Some copper 2 sulphate pentahydrate was heated at 120°c with the following result:
Weight of crucible=10.00g
Weight of crucible+CuSo4•5H2O=14.98
Weight of crucible+Residue=13.54g
How many molecule of water of crystalization were lost((H=1,Cu=63.5,O=15,S=32)

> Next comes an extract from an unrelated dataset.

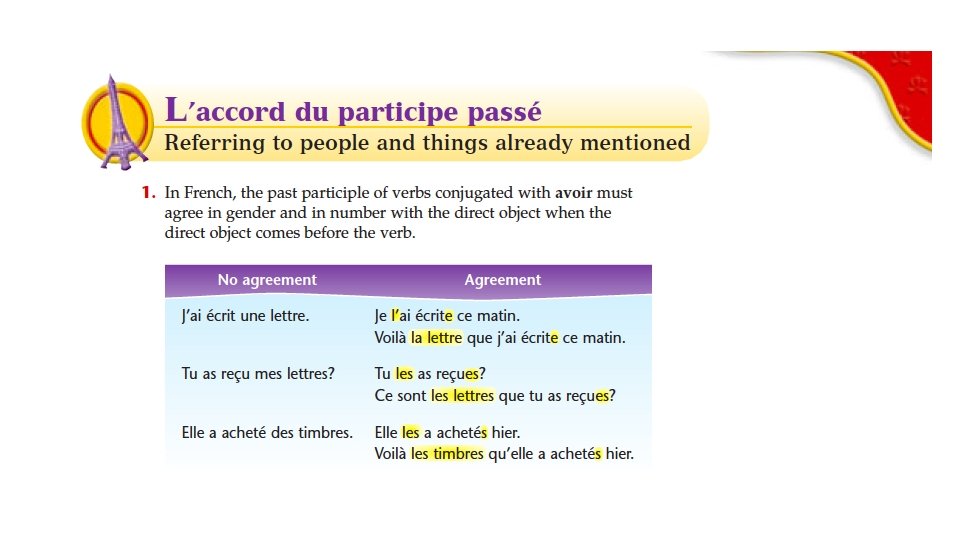 Change the past participle if necessary e 1. Elle est sorti avec ses amis. 2. Elle a fait ses devoirs en classe. 3. Je suis contente de la lettre que j’ai écrite (e)s 4. Nous sommes monté au sommet de la montagne. 5. Elles ont vu la Tour Eiffel 6. Où sont les devoirs que vous avez faits ? 7. Où est Marie? Je ne l’ai pas vue au cinéma. 8. J’ai fait mes devoirs mais je ne les ai pas apportés en classe.

First, calculate the weight of CuSO4•5H2O in the original sample:
Weight of CuSO4•5H2O = Weight of crucible+CuSO4•5H2O - Weight of crucible
Weight of CuSO4•5H2O = 14.98g - 10.00g = 4.98g
Next, calculate the weight of residue left after heating:
Weight of residue = Weight of crucible+Residue - Weight of crucible
Weight of residue = 13.54g - 10.00g = 3.54g
The weight difference between the original CuSO4•5H2O and the residue is due to the loss of water molecules during heating:
Weight of lost water = Weight of CuSO4•5H2O - Weight of residue
Weight of lost water = 4.98g - 3.54g = 1.44g
Now, calculate the number of moles of lost water molecules:
Molar mass of H2O = 2(1g/mol) + 15.999g/mol = 18.015g/mol
Number of moles of lost water = Weight of lost water / Molar mass of H2O
Number of moles of lost water = 1.44g / 18.015g/mol = 0.0799 mol
Since the formula of CuSO4•5H2O contains 5 water molecules per one formula unit, the number of lost water molecules is:
Number of lost water molecules = 0.0799 mol * 5 = 0.3995 mol
Convert the number of moles to molecules by multiplying by Avogadro's number (6.022 x 10^23 molecules/mol):
Number of lost water molecules = 0.3995 mol * 6.022 x 10^23 molecules/mol = 2.40 x 10^23 water molecules
Therefore, approximately 2.40 x 10^23 molecules of water of crystallization were lost during the heating process.